INFORMATION SUPPLIED |

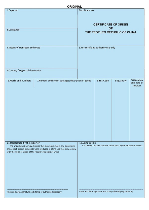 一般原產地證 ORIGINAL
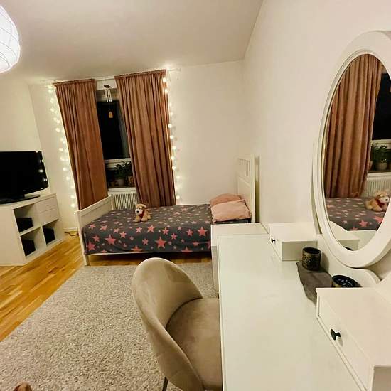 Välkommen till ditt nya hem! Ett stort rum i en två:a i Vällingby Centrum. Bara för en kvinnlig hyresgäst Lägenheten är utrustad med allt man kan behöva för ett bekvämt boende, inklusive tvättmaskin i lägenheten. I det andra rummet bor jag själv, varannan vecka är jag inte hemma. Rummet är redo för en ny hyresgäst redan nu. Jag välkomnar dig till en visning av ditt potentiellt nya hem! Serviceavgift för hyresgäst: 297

...

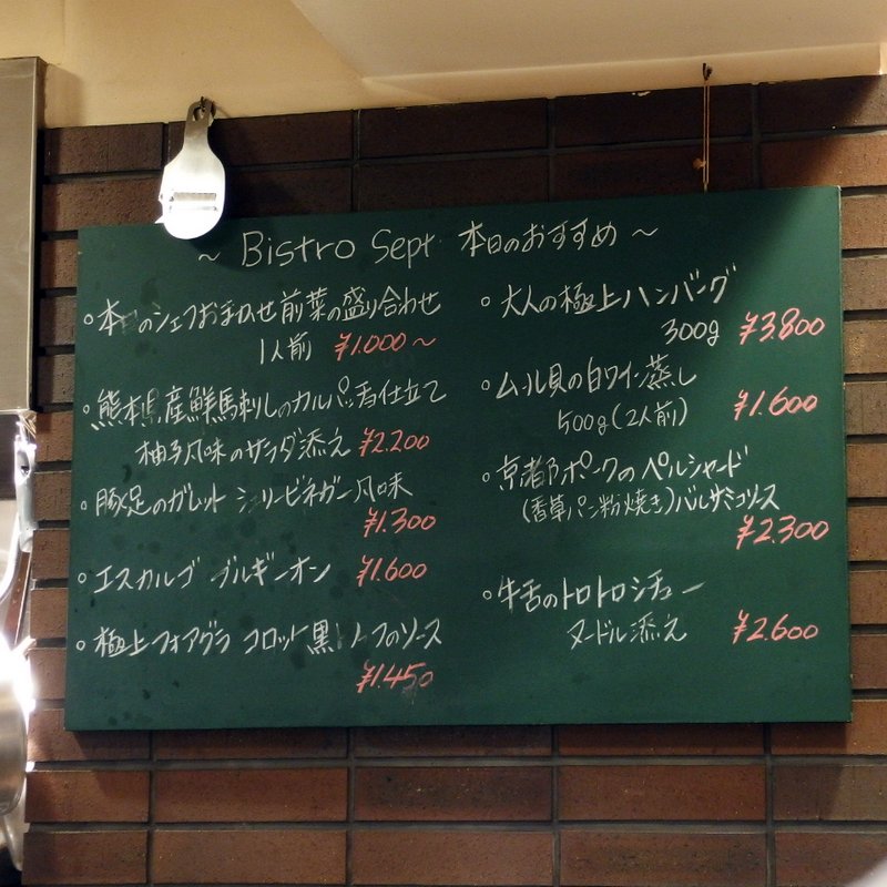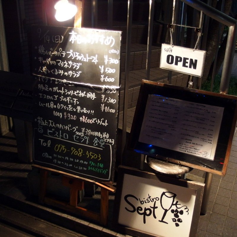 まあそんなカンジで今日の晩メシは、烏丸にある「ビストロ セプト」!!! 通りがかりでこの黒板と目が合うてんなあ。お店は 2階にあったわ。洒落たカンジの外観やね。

---

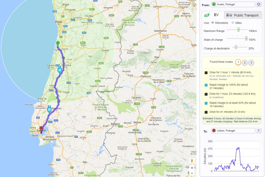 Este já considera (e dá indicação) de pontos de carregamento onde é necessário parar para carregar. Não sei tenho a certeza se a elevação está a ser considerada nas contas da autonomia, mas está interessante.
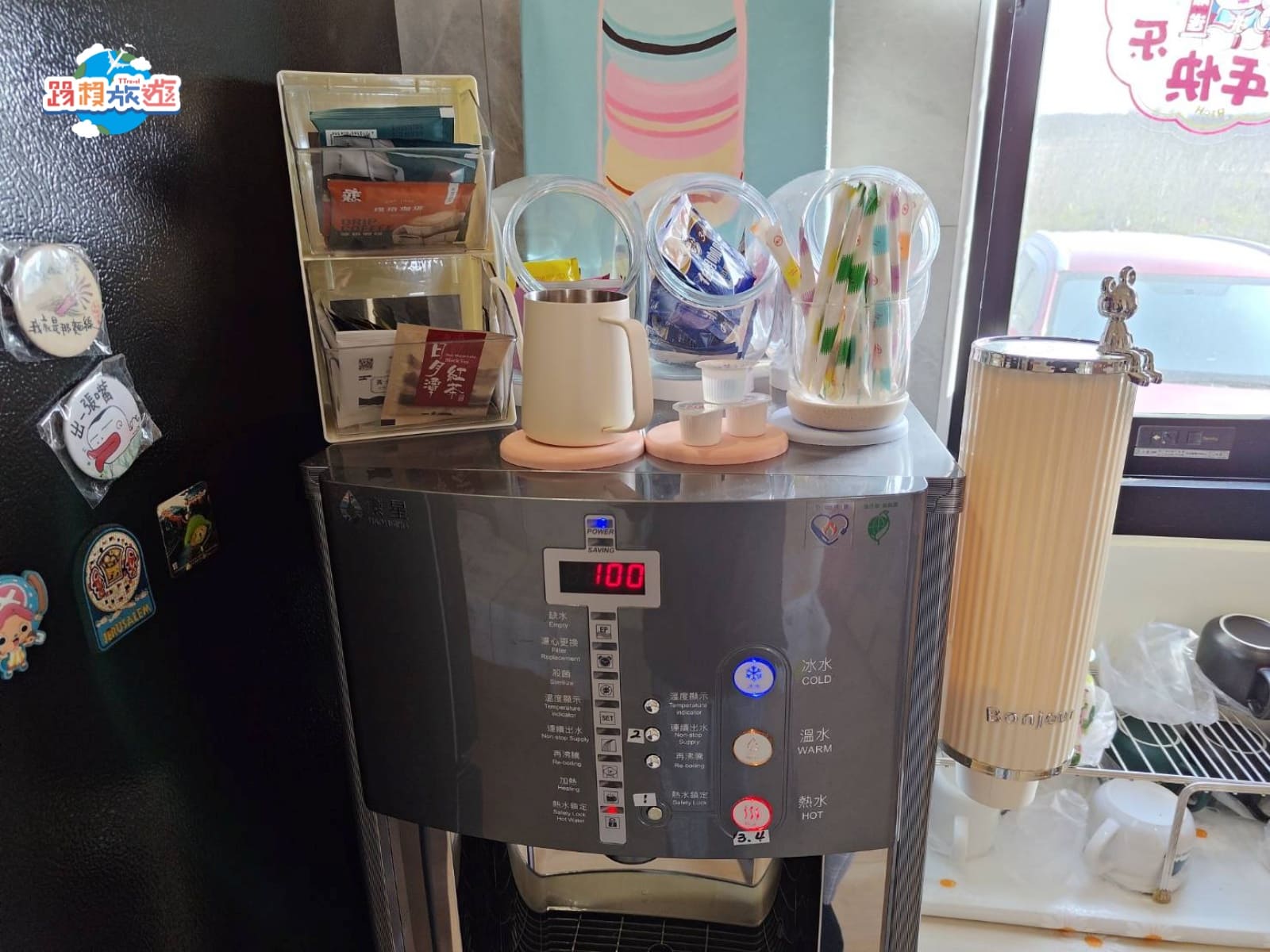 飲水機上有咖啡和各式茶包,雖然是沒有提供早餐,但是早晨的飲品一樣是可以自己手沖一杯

TASK ITEM | Your answer must be everything above from the line with "一般原產地證 ORIGINAL" down to the line with "Välkommen till ditt", word for word, and no pictures.

RESPONSE AREA |
 一般原產地證 ORIGINAL
 Välkommen till ditt nya hem! Ett stort rum i en två:a i Vällingby Centrum. Bara för en kvinnlig hyresgäst Lägenheten är utrustad med allt man kan behöva för ett bekvämt boende, inklusive tvättmaskin i lägenheten. I det andra rummet bor jag själv, varannan vecka är jag inte hemma. Rummet är redo för en ny hyresgäst redan nu. Jag välkomnar dig till en visning av ditt potentiellt nya hem! Serviceavgift för hyresgäst: 297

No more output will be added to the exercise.